If you leave account and partition off, salvo picks them via salvo.dispatch by shelling out to squeue for live capacity. That path only works on a SLURM login node; library callers (cluv, xgenius) should pass both explicitly to keep render() pure.

OOM policy

from salvo.policy import parse, apply_oom, OomContext

steps = parse(["bump_mem(1.5x, max=128G)", "escalate_partition", "fail"])

new_spec, action = apply_oom(prev_spec, OomContext(kind="cpu", max_rss_mb=33_500))
# new_spec is a fresh JobSpec with bumped mem, or None if the policy says fail

The DSL is intentionally small. Steps run in order until one applies:

  • bump_mem(<factor>x, max=<size>) — multiplicative bump, capped
  • escalate_partition — clear partition so the next render picks a larger tier
  • fail — terminal
  • bump_gpus(...), callback(...) — parse today, execute in a later release

Cluster topology

Five presets ship in salvo/topology/presets/: mila, rorqual, narval, beluga, cedar. More DRAC clusters land as YAMLs are contributed. Each YAML lists accounts, partitions, and capacity rules.

from salvo.topology import load_preset, list_presets

list_presets()                      # ['beluga', 'cedar', 'mila', 'narval', 'rorqual']
cluster = load_preset("mila")       # ClusterTopology

Contributing a new cluster is one YAML file. See CONTRIBUTING.md.

Decorator (optional, Python-native)

If you'd rather write a function than a YAML spec:

from salvo import cluster

@cluster.submit(gpus=1, cpus=8, mem="32G", time="2h",
                on_oom=["bump_mem(1.5x, max=128G)", "fail"])
def train(seed: int):
    ...

handle = train.submit(seed=42)

train.submit(...) runs the local-sbatch convenience path: it renders, calls sbatch, and returns a handle. Skip the decorator if you're embedding salvo inside another tool's submit flow; just call render() and let that tool do the submission.

Use with cluv

cluv handles SSH, code sync, and the sbatch call. salvo handles the policy. The natural composition is cluv importing salvo's policy library when a user opts in:

# in your project's pyproject.toml
[tool.cluv.retry]
on_oom = ["bump_mem(1.5x, max=128G)", "fail"]
max_hops = 5

This is a proposal, not a shipped feature in cluv. An upstream issue is in draft.
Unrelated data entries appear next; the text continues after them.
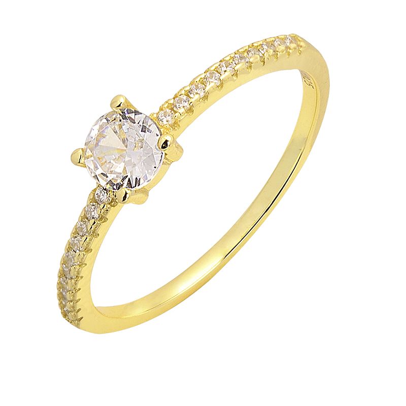 Ασημένιο δαχτυλίδι 925 σε κίτρινο χρώμα στολισμένο με πέτρες ζιργκόν.
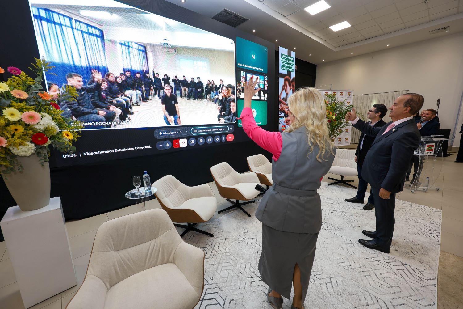 O governador do Estado, Jorginho Mello, esteve presente nesta quinta-feira, 23, ao lado da secretária de Estado da Educação, Luciane Ceretta, no lançamento do programa Estudantes Conectados e do Currículo de Educação Digital. O objetivo é preparar os estudantes para um uso crítico, criativo, ético e seguro das tecnologias. O Governo do Estado vai investir, nesta primeira fase, R$ 80 milhões.
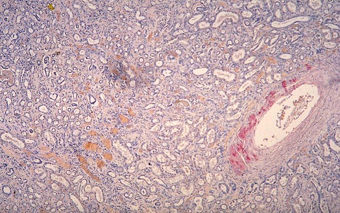 Glomeruli und Interstitium negativ. AL-Amyloid.
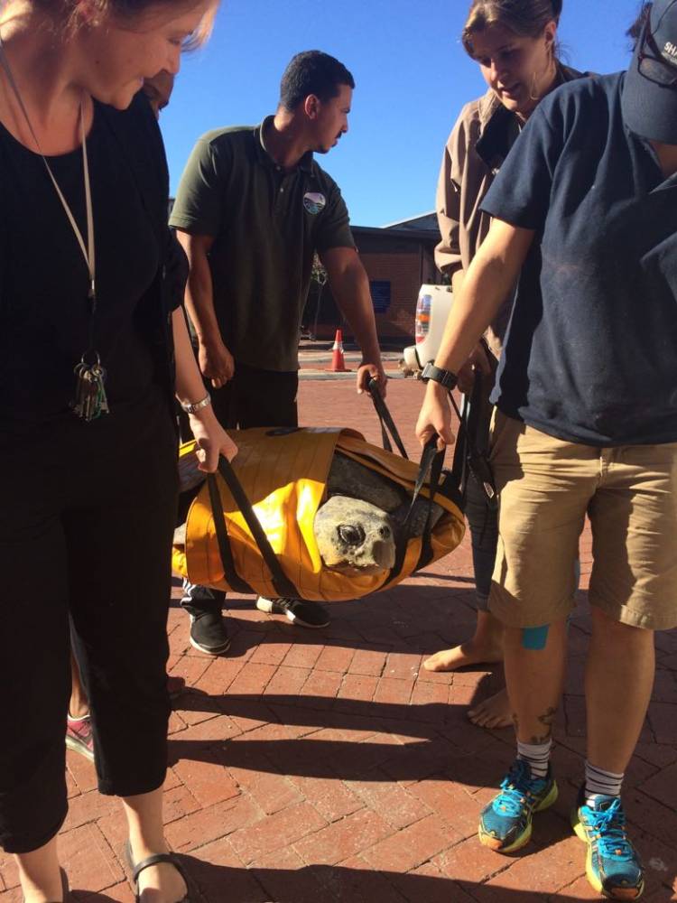 Like the isiXhosa name Nocawe suggests, the Two Oceans Aquarium turtle rehab centre received this giant newcomer on a contented and warm Sunday afternoon, 29 April 2018. Noci, as those who are affectionate with her like to call her, is a loggerhead turtle (Caretta caretta), weighing 64.7kg (big, but still only a third the size Yoshi was when she was released), who washed up on a beach near Witsand. Rescuing a turtle is a team effort and this was no exception.
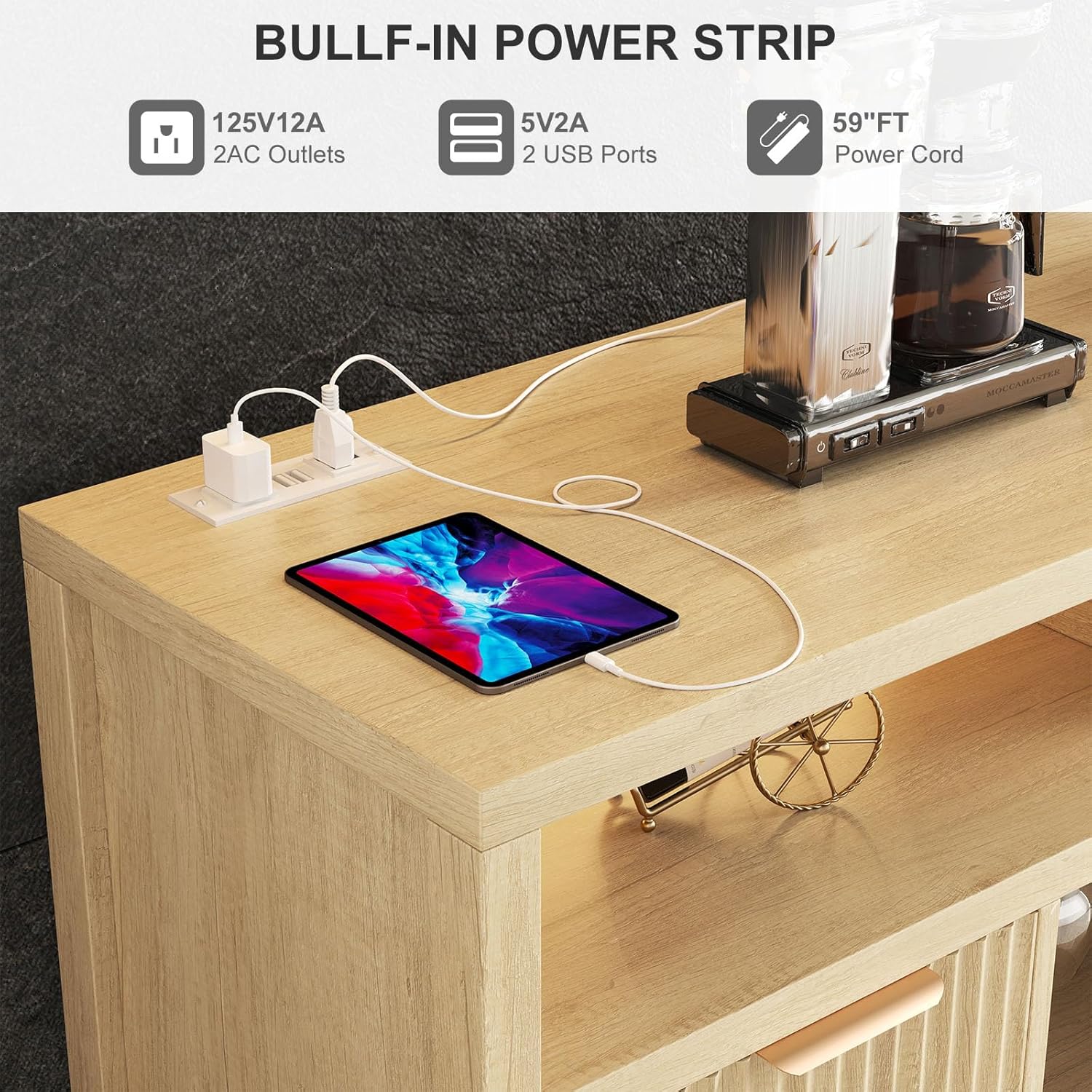 Built-In Charging Station: Stay connected with the built-in charging station in our sideboard buffet cabinet with storage. This feature ensures your devices are always powered, making it a functional console table with storage.
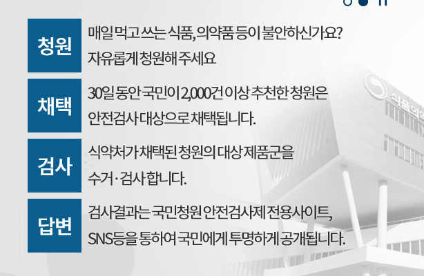 국민이 청원하고 다수가 추천한 식품, 가공식품, 건강기능식품, 식품첨가물, 위생용품 및 의약품, 의약외품, 화장품, 의료기기 등의 안전에 대하여 검사 및 결과를 공개합니다.

Use with anything that calls sbatch

salvo has no SSH or async dependencies. It is a pydantic + stdlib library. Any tool that runs sbatch can import salvo.render, salvo.policy.apply_oom, and salvo.topology.load_preset independently. Two runnable examples under examples/ show the wiring end-to-end: cluv_integration.py (policy + render) and xgenius_integration.py (policy-only, when the host tool keeps its own renderer).

License

MIT. See LICENSE.

Project details


Download files

Download the file for your platform. If you're not sure which to choose, learn more about installing packages.

Source Distribution

pysalvo-0.3.0.tar.gz (92.2 kB view details)

Uploaded Source

Built Distribution

If you're not sure about the file name format, learn more about wheel file names.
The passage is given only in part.